かつては「企業再生」のプロ中のプロなどと持てはやされた時期もあったが、結局は投資家を欺いてまでも自分たちだけは儲けるためのマネーゲームに過ぎなかった実態が訴訟などを通じて次々と明るみに出ている東証2部の投資会社「ジェイ・ブリッジ」(JB。昨年10月より「アジア・アライアンス・ホールディングス」。東京都墨田区)――その典型的訴訟の1つであり、またJBにあって最も経営責任が問われるであろう桝澤徹元社長(冒頭右写真)、高森幸太郎現社長(冒頭左写真)も被告に含まれるということで注目されている損害賠償等請求事件の証人尋問が5月12日、東京地裁であった。
もっとも、桝澤氏はこの間、豪邸のあるシンガポールに引き籠もり、海外に生活拠点があるから日本の民事訴訟の対象にならないなどというデタラメな主張を展開、別件訴訟では訴状の受け取りを事実上逃げているような有様であることから、関係者の間では、この日の証人尋問は欠席する可能性の方が高いと見られていた。
だが、蓋を開けてみると、桝澤氏は顔を見せていた。
詳細は証人尋問調書が出来次第、お伝えするとして、今回はこの日の法廷の様子を若干お伝えしておく。

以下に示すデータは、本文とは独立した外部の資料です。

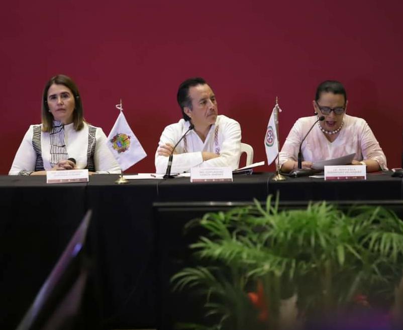 Xalapa, Ver.- La presidenta de la Mesa Directiva de la LXVI Legislatura del Congreso del Estado, diputada Cecilia Guevara, acompañó al gobernador de Veracruz, Cuitláhuac García Jiménez, y a la secretaria de Seguridad y Protección Ciudadana del Gobierno de México, Rosa Icela Rodríguez Velázquez, a la inauguración de la XXV Asamblea Plenaria de la Conferencia Nacional del Sistema Penitenciario, en la ciudad de Boca del Río, Veracruz.

午後1時30分から516号室で証人尋問は始まった。予定では、まず原告側証人2名、その後、被告側4名の予定だったが、原告側が2名とも欠席のため、桝澤氏の尋問が一番に始まった。
この訴訟、「ウェルタイム・キャピタル・ベンチャー・インク」なる海外ファンドが原告。同社はJB子会社(JA)の社債を1億5000万円購入した。社債だから償還義務がJAにあるが、現在までに戻って来たのは600万円ほどに過ぎない。しかも、JAはウェルタイムの償還期日延長通知書を偽造して1年延期し、その間にJBの投資分だけ優先するなどして回収したのは偏頗弁済だとして提訴している。
したがって、桝澤氏の尋問の最大のポイントは、JBの回収が純粋な経営判断の結果なのか、それともJBの回収だけを急いだものかだった。